Editor’s note: This commentary was first published in The Conversation.

U.S. defense strategists warn that China may use the distraction of the war in Ukraine to launch military action against Taiwan. They believe Chinese President Xi Jinping is determined to gain control over the breakaway province — which has been beyond Beijing’s control since the founding of the People’s Republic of China in 1949 — before he leaves office.

In response to these concerns, in July 2023, the U.S. announced a $345 million military aid package for Taiwan. For the first time, arms are being delivered to Taiwan from U.S. stockpiles under presidential drawdown authority, which does not require congressional approval.

Such fears have been heightened by the fact that China has stepped up its probes of Taiwan’s defenses over the past year. Last month saw the release of an eight-part docuseries by state media broadcaster CCTV titled “Chasing Dreams” about the Chinese military’s readiness to attack Taiwan.

But opinion remains divided over just how likely it is that Xi will launch a military action to occupy Taiwan, and whether the war in Ukraine makes such action more or less likely.

Factors making war more likely

The main argument that the war in Ukraine makes a Chinese attack on Taiwan more likely centers on the failure of the threat of U.S. sanctions to deter Russia from invading.

Russian President Vladimir Putin believed that U.S. power, weakened by the Trump presidency, was in decline. He also knew — because President Joe Biden said so — that the U.S. was unwilling to commit its own troops in combat against the nuclear-armed foe.

Putin saw the hasty American withdrawal from Afghanistan in August 2021 as a sign that the U.S. has lost its appetite for military intervention overseas. The U.S. relies on economic sanctions to pressure adversaries such as Iran, Russia and China. But Putin was confident that Europe’s dependence on Russian oil and gas would prevent it from imposing serious sanctions on Russia. He was also emboldened by the lackluster Western response to Russia’s invasion of Georgia in 2008 and annexation of Crimea in 2014.

It turned out that Putin was wrong about Europeans’ unwillingness to stop buying Russian energy. But he was right about the U.S. aversion to committing its own forces to defend Ukraine.

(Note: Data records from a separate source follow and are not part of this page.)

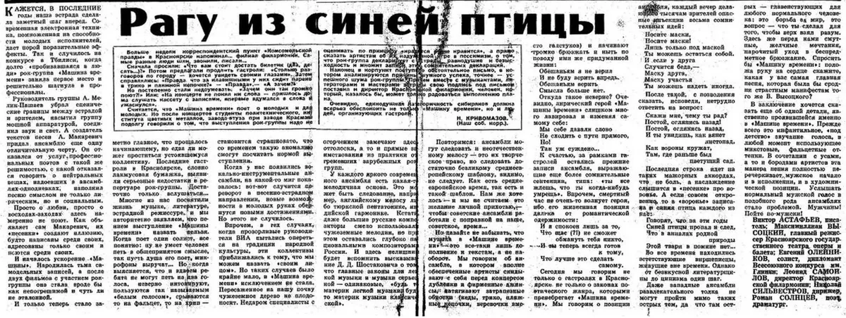 «…Мы говорим о позиции ансамбля, каждый вечер делающего тысячам зрителей опасные инъекции весьма сомнительных идей», — через полмесяца в «Комсомолке» вышел разгромный подвал «Рагу из синей птицы» о красноярских концертах; понятно, что читался он лишь как доказательство, что «Машина» — это настоящее и это поистине наше. Ну раз на музыкантов так окрысились. А что там, под этой коллективной рецензией, еще и подпись большого писателя Астафьева — так что? Кому еще подписывать такое? «Народ и партия едины» — зря, что ли, пишут трехметровыми буквами повсюду? (Этот размер букв и эта повсеместность лозунга — для чего? От неуверенности в себе или от забывчивости?) Вот он как раз от народа. «Людочку» и «Пролетного гуся» Астафьев еще не написал, а они не прочитали. Он еще напишет, а они прочтут.
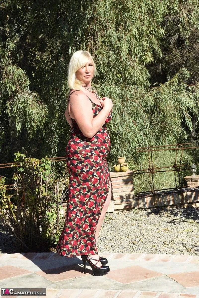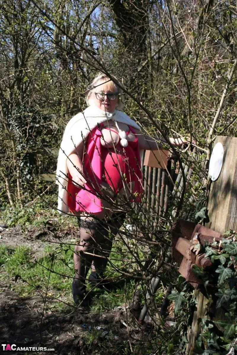 - 4. Зрелая толстушка Фанни играет со своей киской в бодистоке без чашечек и промежности.
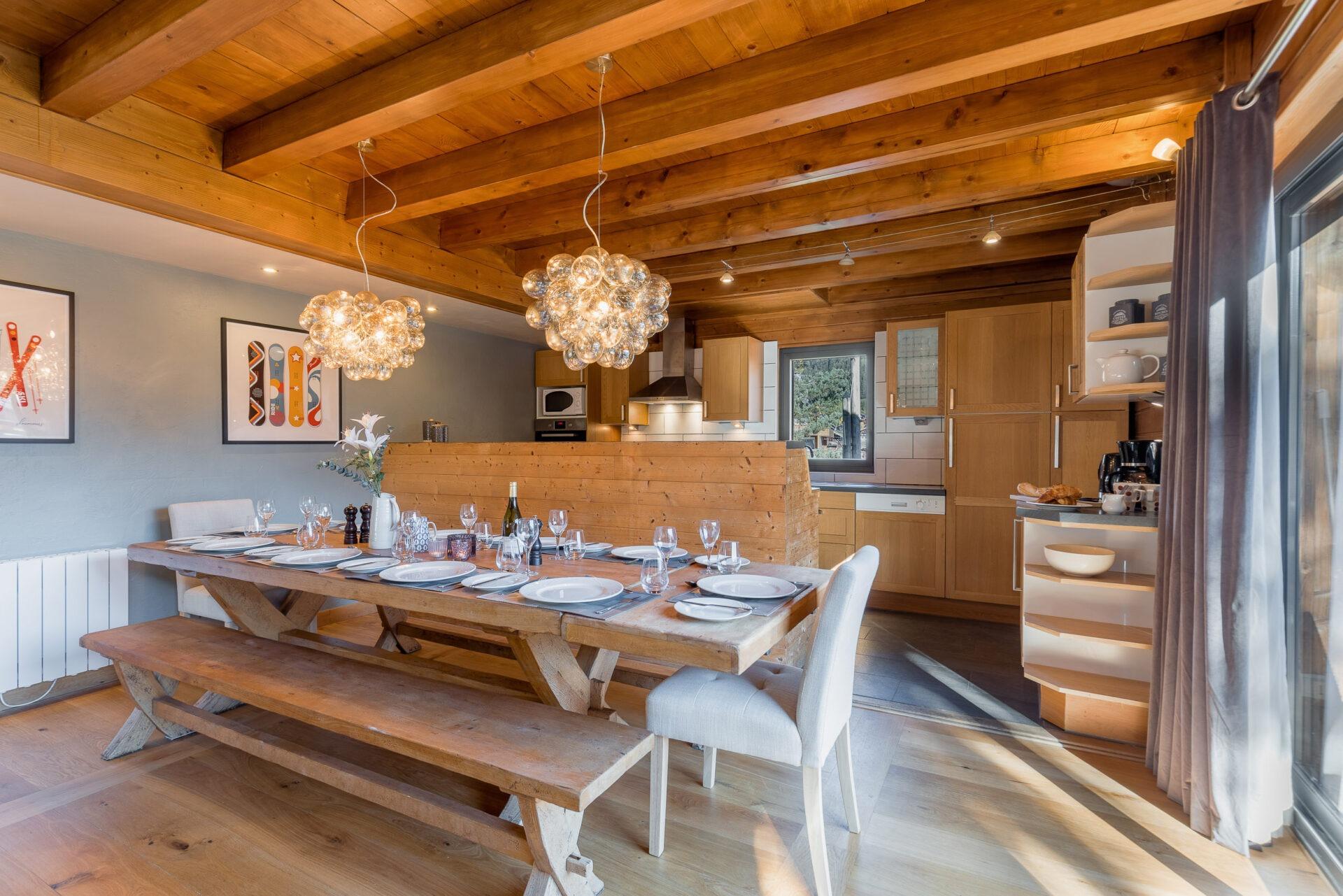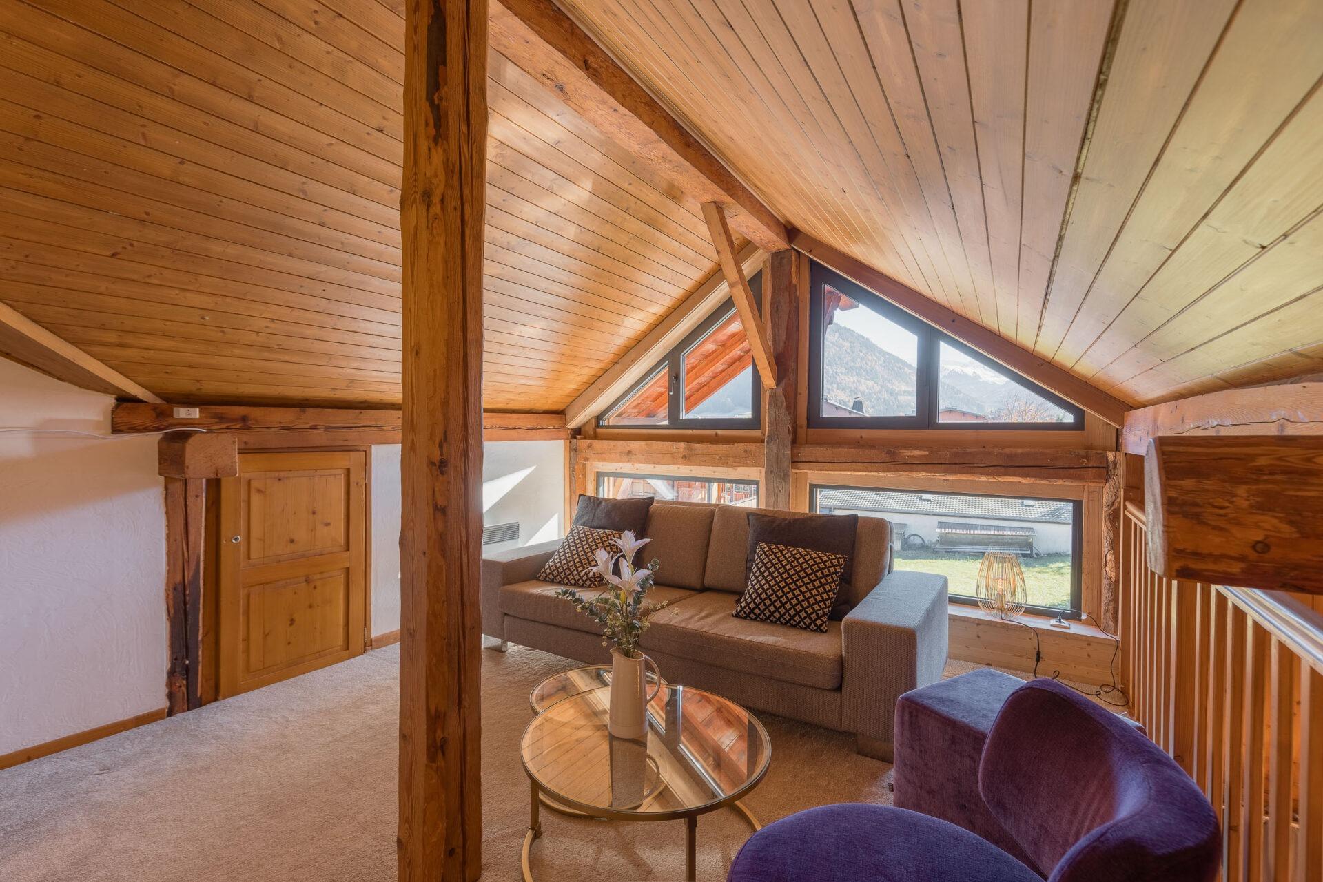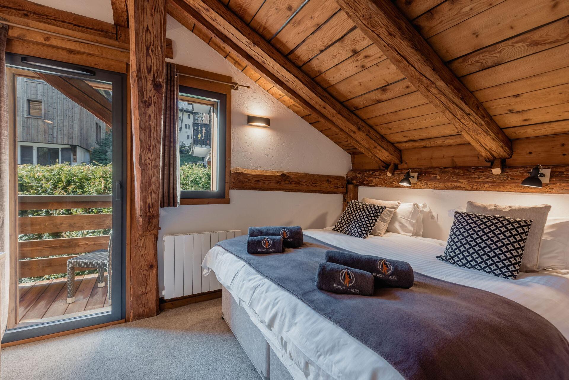 Chalet Aux Joux combines rustic charm with modern amenities, offering a serene retreat for up to 13 guests. The chalet features original wooden beams and a modern open-plan living area with a suspended log burner, where guests can enjoy sweeping views of Morzine’s peaks from the large balcony.
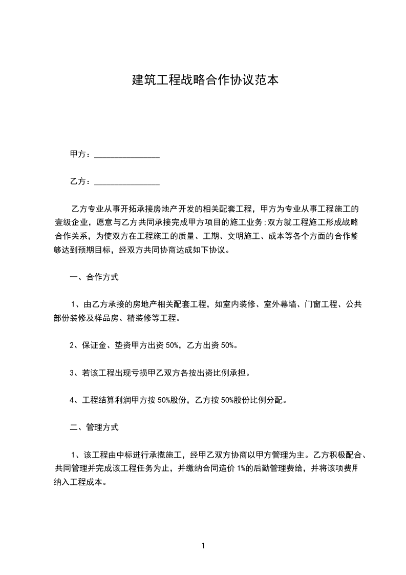 4、工程结算利润甲方按50%股份,乙方按50%股份比例分配。
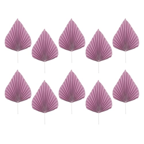 Garneck 10pcs Gold Palm Leaf Cake Decorations Paper Fan Tropical Cake Picks Bohemian Party Inserts for Birthday Wedding Large Purple Folded Leaf Fans

As with Ukraine, U.S. policy regarding Taiwan is built around using the threat of economic sanctions to deter China from attacking the province. However, there is also the possibility — absent in Ukraine — that the U.S. would commit its forces to defend Taiwan. The official U.S. policy is one of “strategic ambiguity” on Taiwan. Furthermore, there is the simple geographical fact that Taiwan is an island, and thus easier to defend than Ukraine.

For the people of Taiwan, Putin’s invasion shows that an authoritarian leader can wage war at any time, for no good reason. Ukraine has so far managed to prevent a Russian victory, but it is paying a heavy price in terms of lost lives and a shattered economy. According to some Taiwanese observers, the people of Taiwan would be unwilling to pay such a heavy price to preserve its political autonomy.

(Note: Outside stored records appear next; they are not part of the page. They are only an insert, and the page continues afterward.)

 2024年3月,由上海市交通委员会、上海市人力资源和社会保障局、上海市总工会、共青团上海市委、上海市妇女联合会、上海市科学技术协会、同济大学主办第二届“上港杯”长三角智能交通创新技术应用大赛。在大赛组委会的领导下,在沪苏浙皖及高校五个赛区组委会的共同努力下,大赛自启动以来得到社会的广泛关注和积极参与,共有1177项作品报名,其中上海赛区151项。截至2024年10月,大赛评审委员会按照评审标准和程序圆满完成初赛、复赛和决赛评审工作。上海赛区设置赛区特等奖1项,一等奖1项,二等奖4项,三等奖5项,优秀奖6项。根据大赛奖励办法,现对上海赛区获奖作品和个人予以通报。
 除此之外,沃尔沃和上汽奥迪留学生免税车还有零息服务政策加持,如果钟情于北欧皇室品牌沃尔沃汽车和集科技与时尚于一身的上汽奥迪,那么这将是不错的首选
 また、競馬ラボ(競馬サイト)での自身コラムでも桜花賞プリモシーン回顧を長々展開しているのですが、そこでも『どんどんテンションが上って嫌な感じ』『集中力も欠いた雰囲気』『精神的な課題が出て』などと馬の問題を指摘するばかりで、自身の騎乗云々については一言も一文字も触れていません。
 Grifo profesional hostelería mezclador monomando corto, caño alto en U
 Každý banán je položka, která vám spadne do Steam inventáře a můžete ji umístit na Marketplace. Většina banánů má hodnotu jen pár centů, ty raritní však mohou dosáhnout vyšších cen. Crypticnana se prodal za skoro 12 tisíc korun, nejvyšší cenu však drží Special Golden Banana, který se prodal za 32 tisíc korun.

There is also the concern that the U.S. is so tied up with the Ukraine crisis that it does not have the political bandwidth to deal with Chinese pressure on Taiwan. Arms that could have been sold to Taiwan have been sent to Ukraine. Xi may see this as an opportunity that he can exploit.

Factors that make war less likely

There are, however, several factors that make conflict over Taiwan less probable. Russia’s failure to achieve victory in Ukraine makes it less likely that Xi would gamble on the use of military force to occupy Taiwan.

The Wall Street Journal’s Yaroslav Trofimov argues that “the Ukrainian war has focused minds in Beijing on the inherent unpredictability of a military conflict.” Meanwhile, Bi-khim Hsiao, Taiwan’s representative in the U.S., has said that Ukraine’s success in defending itself will deter China from attacking Taiwan.

One reason is advances in weaponry. The latest generation of drones and missiles capable of destroying aircraft, ships and tanks favors the defense. This makes invasion of Taiwan more risky for China. Moreover, Russia’s weapons seem to be generally less effective than those of its NATO counterparts — and China’s arsenal relies heavily on Russian designs.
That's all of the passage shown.